La BCE ? Elle devra « prêter directement aux États et aux collectivités territoriales » à des taux défiant toute concurrence. Un « Fonds européen de développement social, écologique et solidaire » aidera les entreprises « qui développent l’emploi, dans le respect de critères sociaux et écologiques précis ». Les transactions financières seront taxées et « tout mouvement de capitaux allant vers un paradis fiscal » bloqué. Le Front de gauche souhaite l’émergence d’un salaire minimum commun et refusera la directive européenne sur le détachement des travailleurs. Celle-ci permet à un employeur de faire venir temporairement des travailleurs d’un autre pays européen et de s’acquitter des cotisations sociales en vigueur dans le pays d’origine. La France compte environ 150 000 salariés détachés, originaires de Pologne, du Portugal ou de Roumanie, employés principalement dans le BTP et l’intérim. Pour favoriser la relocalisation des activités, une taxe kilométrique et des « visas sociaux et environnementaux » seront instaurés aux frontières de l’UE.

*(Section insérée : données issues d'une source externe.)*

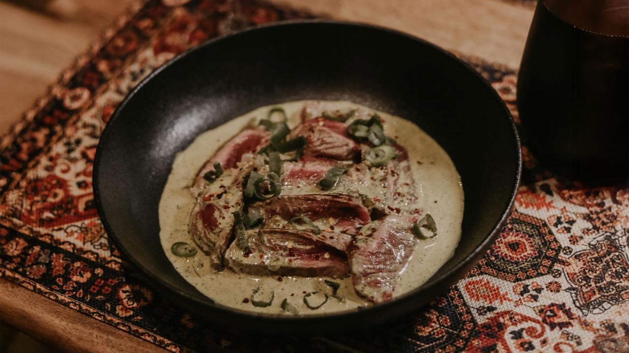 Le repas commence avec le Pkhali et une salade classique, avant de poursuivre avec le Soko, un mets riche en arômes. Vous savourez ensuite le Mtsvadi de porc grillé et le Chaqapuli, un plat emblématique aux notes fraîches et parfumées. Le repas s’achève sur un gâteau au miel, accompagné d’un verre de vin géorgien et d’un service de thé noir pour prolonger cette découverte gustative. Une manière idéale de vivre l’esprit convivial du Supra.

« Des mesures unilatérales coopératives »

« Nous pouvons être la bonne surprise de ces élections, bouleverser le paysage politique en France, faire gagner la gauche qui s’oppose à la politique d’austérité », espère la coalition de gauche, créditée d’environ 9% des voix dans les sondages (contre 6,5% en 2009). Reste que pour mettre en œuvre ses « chocs diplomatiques », il devra compter sur les bons résultats de ses partenaires européens. En Allemagne, Die Linke (« La gauche ») est crédité d’environ 8% des voix. En Grèce, la coalition de la gauche radicale Syriza devrait approcher les 30% (contre 5% aux élections européennes de 2009), et les communistes plus orthodoxes du KKE obtenir 8%. En Espagne, Izquierda Unida (« Gauche unie ») espère tripler son résultat de 2009 et atteindre les 12%.

Au Portugal voisin, la Coalition démocratique unitaire, qui regroupe communistes et écologistes, pèse environ 11% des suffrages et son concurrent de la gauche radical (le Bloc de gauche) 5%. En Italie, les listes de « L’autre Europe » avoisinent également les 5%. Enfin, en Irlande, le Sinn Fein devrait attirer entre 15% et 20% des électeurs (contre 11% en 2009). Même si tous ces eurodéputés n’émargeront pas, à Strasbourg, au sein du groupe parlementaire de la gauche unitaire européenne – plusieurs préfèreront le groupe écologiste –, celui-ci augmentera très probablement le nombre de ses eurodéputés (35 élus actuellement), qui pourrait presque doubler.

Mais cela ne suffira pas à créer le rapport de force nécessaire au sein de l’Europe pour reprendre le contrôle de la BCE, taxer les transactions financières ou stopper le dumping social. En cas d’échec, le Front de gauche estime qu’un véritable gouvernement de transformation devra avancer seul au niveau national, quitte à prendre « des mesures unilatérales coopératives ». Une notion qui demeure diplomatiquement ambiguë.